Reproduce the lines below exactly. Begin with the first, end with the line containing "Bàn ăn xoay", and leave out the pictures.

(Stored dataset items)
▬▬▬▬▬▬
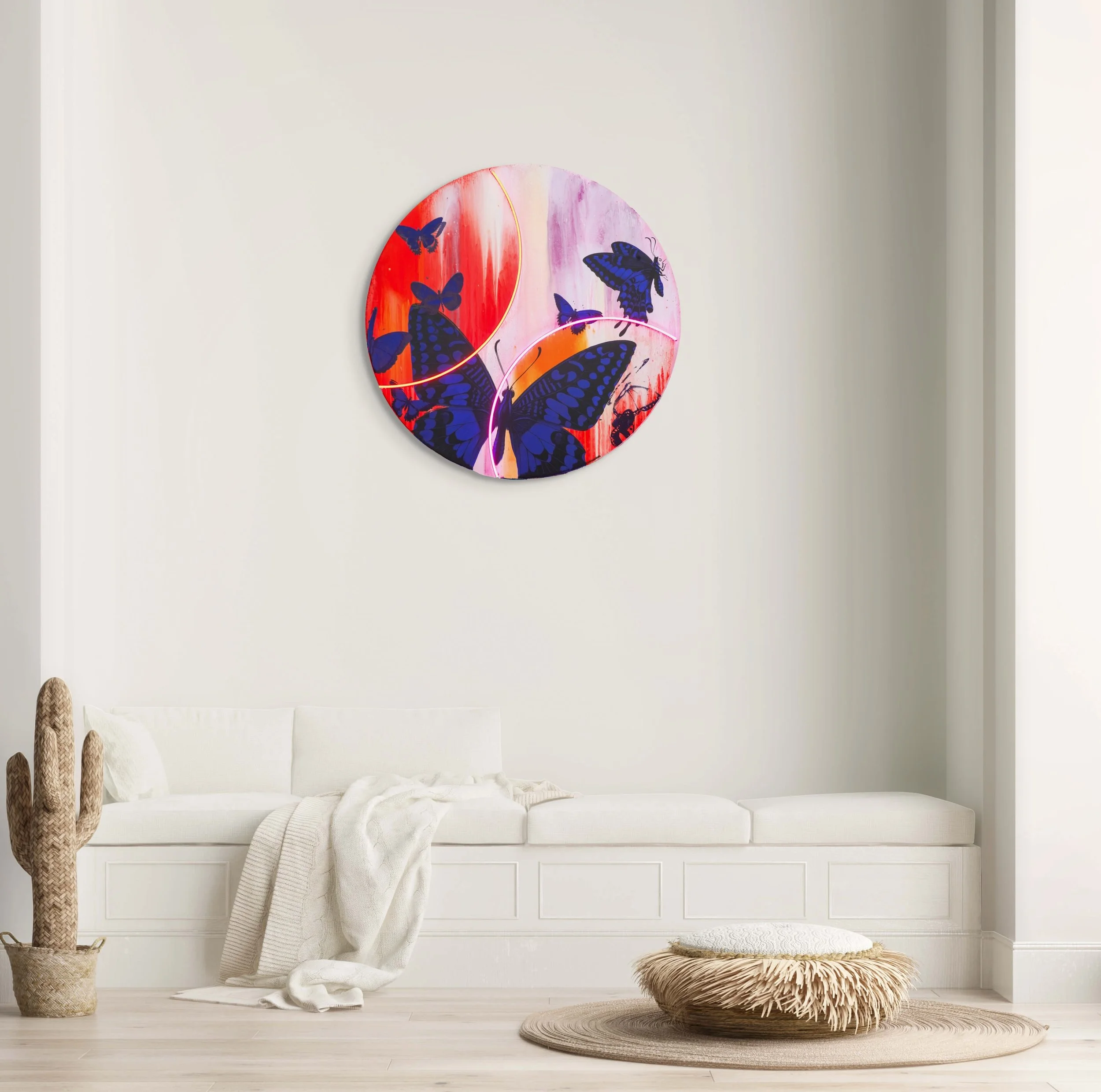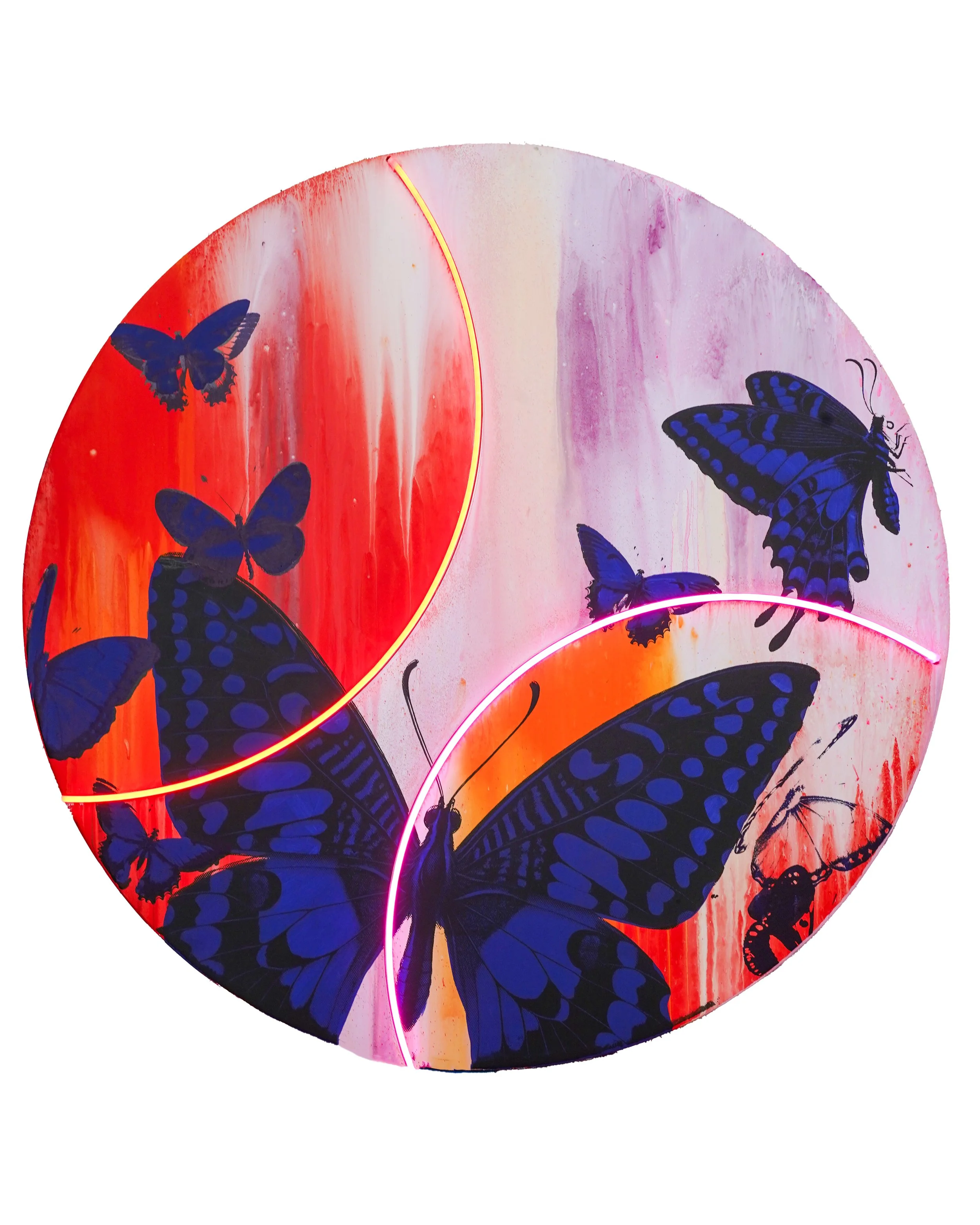 acrylic on wood panel, LED neon
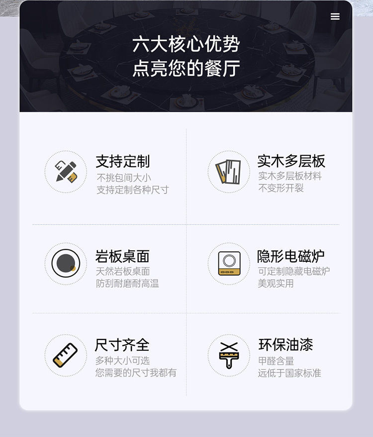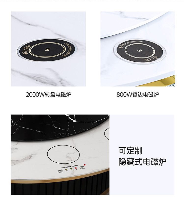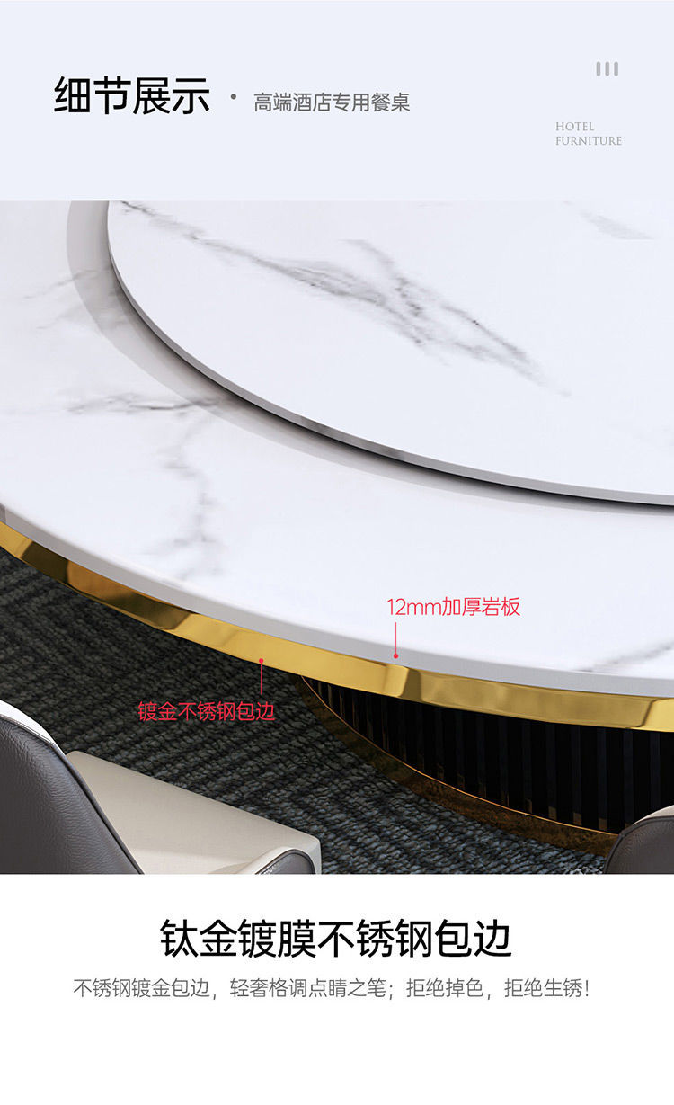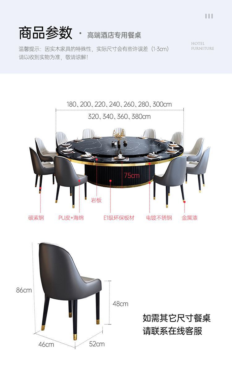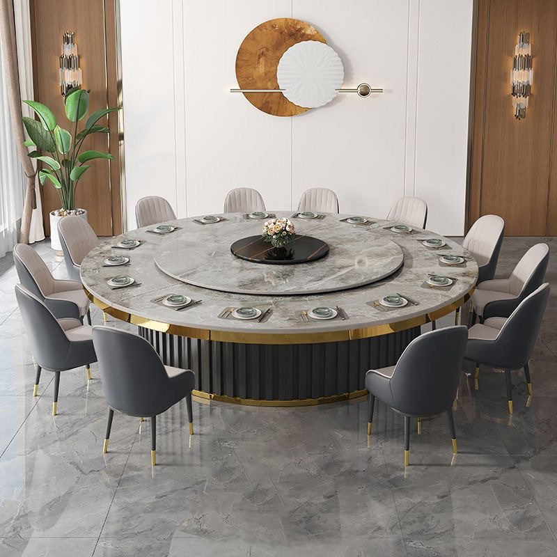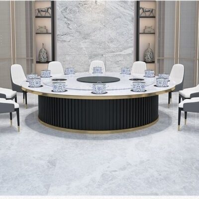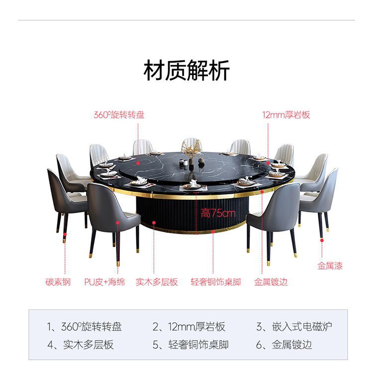 Bàn ăn xoay tự động khách sạn bàn tròn lớn Bàn lẩu Trung Quốc mới Bàn xoay tự động đá phiến kết hợp bàn ghế câu lạc bộ
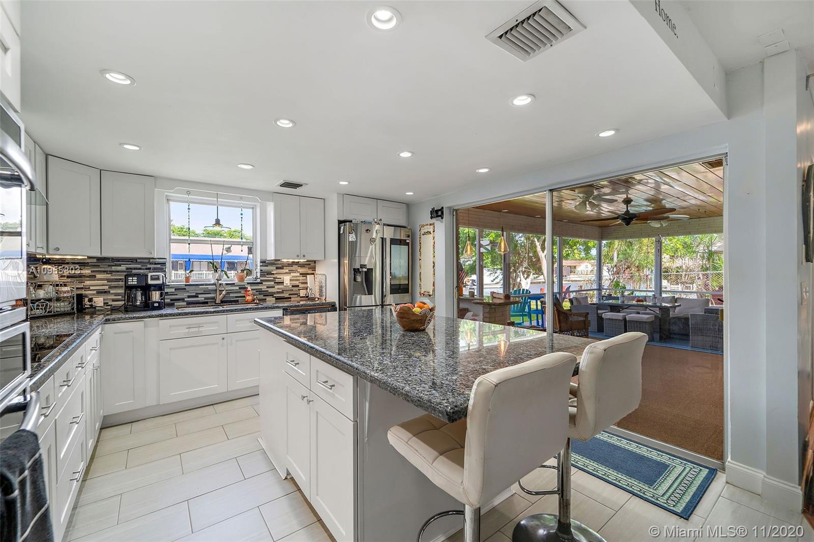 Rare Waterfront Home perfect for those who love to entertain. Upon entering you will be met with sweeping views of the waterway. Home boasts Chef's kitchen with center isle, stainless appliances w/ an abundance of wood cabinetry. Sliders lead to a generous screened-in lanai perfect for gatherings. All bedrooms are generous in nature, with large closets. Brand New Energy Efficient Roof, Updated Electrical, Composit Dock, Room for a Pool. New Shed, Hurricane Shutters, nestled on a dead-end street with easy access to 95. Ocean access under fixed bridges.
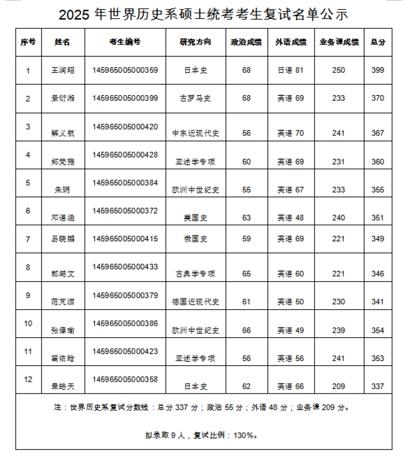 2025年世界历史系硕士统考考生复试名单公示
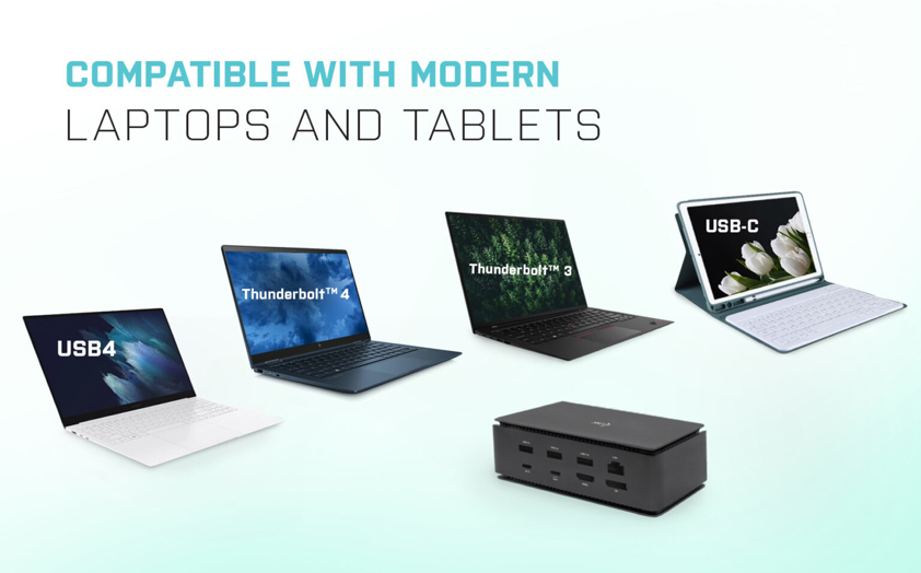 Since USB4 technology is backwards compatible, you can connect this dock not only to laptops and tablets with USB4, but also ThunderboltTM 3/4 and USB-C (must support video transfer). This makes the dock an ideal and flexible solution for businesses and users who run laptops and tablets with different ports.
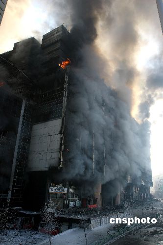 一月三日,新疆烏魯木齊德匯國際廣場批發市場大火仍未撲滅,濃煙彌漫,并釋放出大量有毒氣體,不時有窗戶玻璃掉落,大樓隨時有坍塌危險。當地警方已在整個大樓周邊百米范圍內拉起警戒線,禁止任何人員和車輛進入。消防部門稱,為撲滅這場大火,已有兩名消防人員殉職,一人受傷。截至發稿時,大火已持續燃燒十七個小時。中新社發 劉新 攝
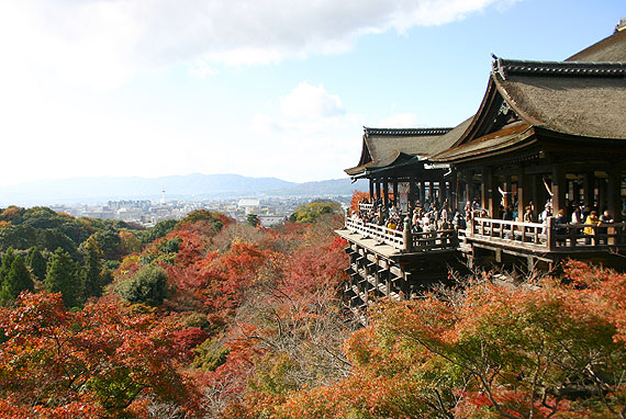 「清水の舞台から飛び降りる」このことわざで有名な清水寺。778年の創建。北法相宗の一寺一宗。本尊十一面千手観音は本堂厨子(国宝)内に安置。舞台からは京都市内が一望。西国三十三所観音霊場第十六番の札所でライトアップもされます。6:00~18:00 拝観料300円 ℡ 075-551-1234
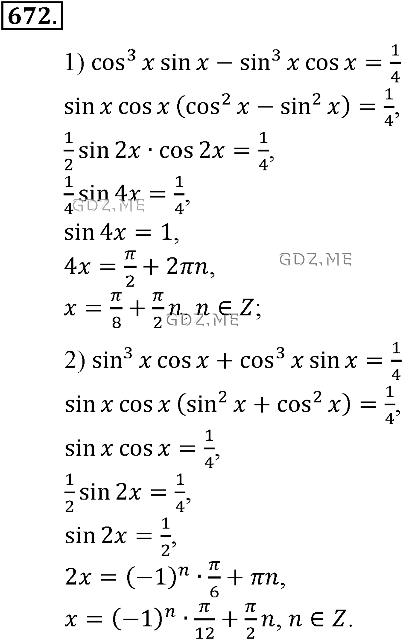 ГДЗ по Алгебре за 10 и 11 класс Алимов, Колягин. Ответ на Задание номер 672 (Глава 6 Тригонометрические уравнения)
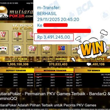 Bukti Withdraw ( 3.491.245,- ) Member Setia MutiaraPoker
▬▬▬▬▬▬
**Your solution:**
 acrylic on wood panel, LED neon
 Bàn ăn xoay tự động khách sạn bàn tròn lớn Bàn lẩu Trung Quốc mới Bàn xoay tự động đá phiến kết hợp bàn ghế câu lạc bộ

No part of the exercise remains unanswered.